This paper investigates the structural response of laminated glass beams under combined fire-exposure and sustained in-plane loading. This is done by means of experimental testing and Finite Element (FE) numerical modelling. Firstly, small-scale (1 m long) laminated glass beams are tested under thermal exposure and in-plane loading on a small fire resistance test furnace. From the test results it can be seen that laminated glass beams are able to sustain an imposed in-plane load for a time of 34–51 min before failing according to the limiting rate of deflection as defined in EN 1363–1:2012. It should be noted, however, that the observed failure times are strictly related to the boundary conditions applied in the test, i.e. the magnitude of mechanical loads (in this study a relatively small load of P = 1.15 kN was applied) and the presence of an inherent top zone protection, which may have positively affected the results. Secondly, additional FE thermo-mechanical simulations are performed to further investigate the mechanical response of the laminated glass beams under thermal exposure, with a focus on the effects of the top zone protection and the load magnitude on the performance of the examined laminated glass beams. From the FE study it can be seen that reducing the top zone protection (from 40 mm to 0 mm) results in a reduction in failure time from 45 min to 20 min, while increasing the load with a factor 5 (taking 30 mm top zone protection as a reference) results in a reduction of failure time from 32 to 18 min.

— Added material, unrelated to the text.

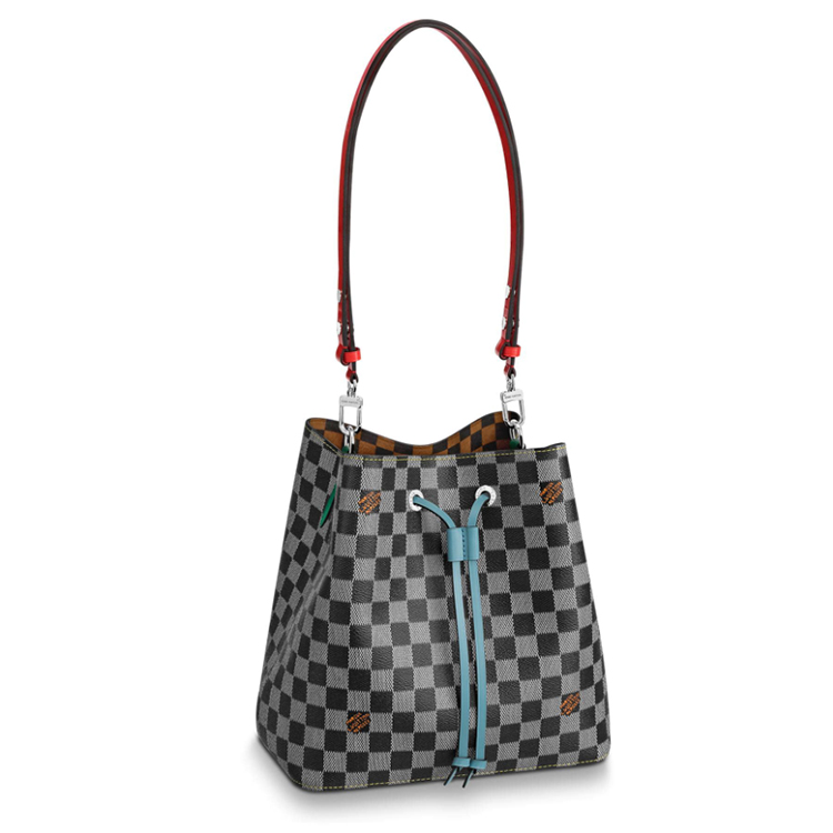 The NeoNoe handbag is made from Nicolas Ghesqui猫re鈥檚 new eye-catching black-and-white version of Damier canvas and features colorful details like the blue drawstring. Inspired by a bucket bag Louis Vuitton created in the 1930s to carry champagne bottles, it can be worn over the shoulder or cross-body thanks to its adjustable strap.

本文研究了组合式玻璃梁在暴露于火灾和持续面内载荷作用下的结构响应。这是通过实验测试和有限元（FE）数值建模来完成的。首先，在小型耐火试验炉上在热暴露和面内载荷下测试小尺寸（长1 m）的夹层玻璃梁。从测试结果可以看出，按照EN 1363-1：2012定义的极限挠曲率，夹层玻璃梁在承受34-51分钟的平面载荷之前会失效。但是，应该指出的是，观察到的失效时间与测试中所采用的边界条件严格相关，即机械载荷的大小（在本研究中，相对较小的载荷为P  = 1.15 kN）和固有的顶部区域保护的存在，这可能会对结果产生积极影响。其次，进行了额外的有限元热力学模拟，以进一步研究夹层玻璃梁在热暴露下的机械响应，重点是顶部区域保护的影响以及负载量对所检查的夹层玻璃梁的性能的影响。从有限元研究中可以看出，减少顶部区域保护（从40 mm到0 mm）可将故障时间从45分钟减少到20分钟，同时将负荷增加5倍（采用30 mm顶部区域）保护作为参考）可以将故障时间从32分钟减少到18分钟。